# [WORK INSTRUCTIONS]
In the data below, find the line with "创意作词人(2名):钻石*300、点券*888、白金币*6888" and the line with "曲谱介绍: C调版吴亦帆《不想结束》吉他和弦弹唱谱", then restate both and every line between them exactly, minus the pictures.

# [DATASET RECORDS]
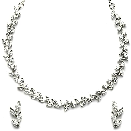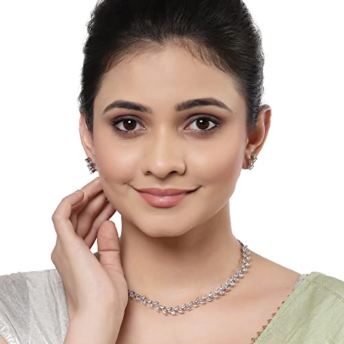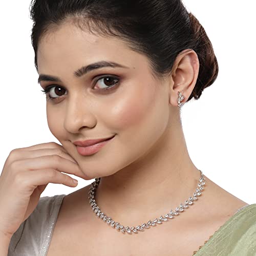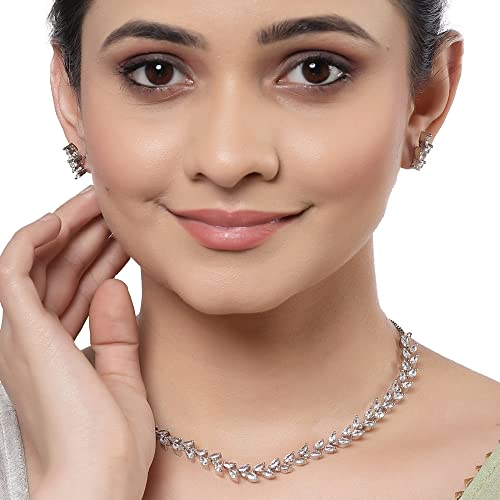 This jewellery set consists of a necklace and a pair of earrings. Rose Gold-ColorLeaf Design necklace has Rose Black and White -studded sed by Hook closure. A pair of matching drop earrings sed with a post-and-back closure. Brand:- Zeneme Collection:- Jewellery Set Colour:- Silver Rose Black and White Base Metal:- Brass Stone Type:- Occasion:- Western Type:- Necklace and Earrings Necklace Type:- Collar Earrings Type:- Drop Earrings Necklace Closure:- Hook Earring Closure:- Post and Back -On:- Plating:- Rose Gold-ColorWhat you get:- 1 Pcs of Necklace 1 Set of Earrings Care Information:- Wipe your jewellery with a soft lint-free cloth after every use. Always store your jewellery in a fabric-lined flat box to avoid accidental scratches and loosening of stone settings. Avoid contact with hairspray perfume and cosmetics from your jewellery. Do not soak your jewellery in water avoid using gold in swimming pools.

---

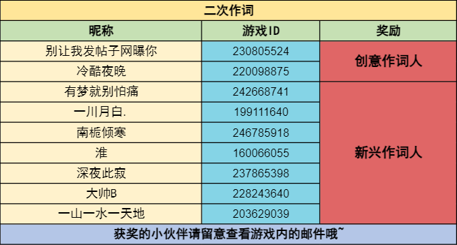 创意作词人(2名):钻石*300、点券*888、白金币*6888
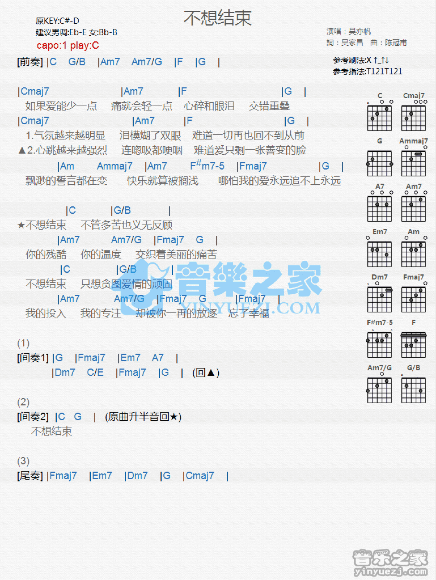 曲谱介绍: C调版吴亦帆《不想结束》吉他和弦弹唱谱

==

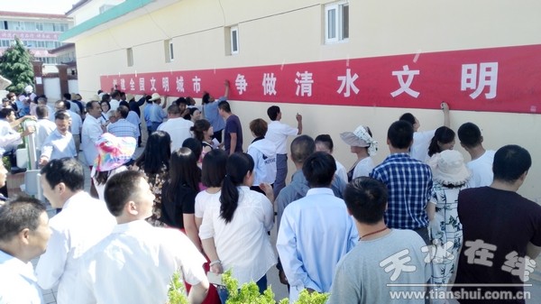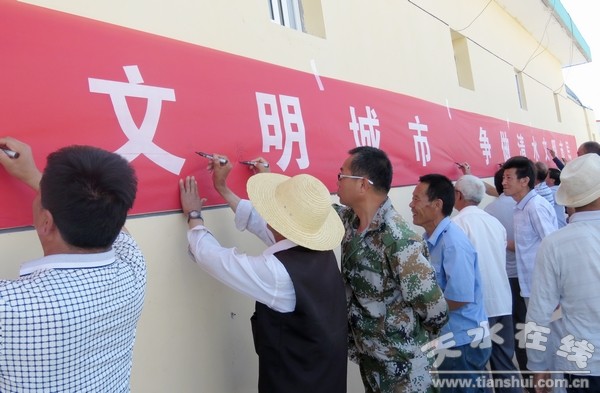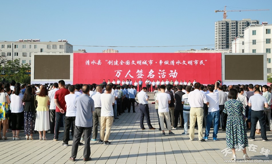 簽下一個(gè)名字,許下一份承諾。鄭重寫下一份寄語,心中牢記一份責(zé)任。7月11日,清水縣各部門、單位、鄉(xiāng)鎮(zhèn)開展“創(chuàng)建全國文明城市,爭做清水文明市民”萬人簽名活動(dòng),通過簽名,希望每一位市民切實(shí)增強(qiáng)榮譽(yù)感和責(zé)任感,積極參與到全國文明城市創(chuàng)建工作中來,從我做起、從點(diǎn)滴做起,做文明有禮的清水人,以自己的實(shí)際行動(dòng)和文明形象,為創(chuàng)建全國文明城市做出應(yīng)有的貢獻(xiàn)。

# [SOLVED PROBLEM]
 创意作词人(2名):钻石*300、点券*888、白金币*6888
 曲谱介绍: C调版吴亦帆《不想结束》吉他和弦弹唱谱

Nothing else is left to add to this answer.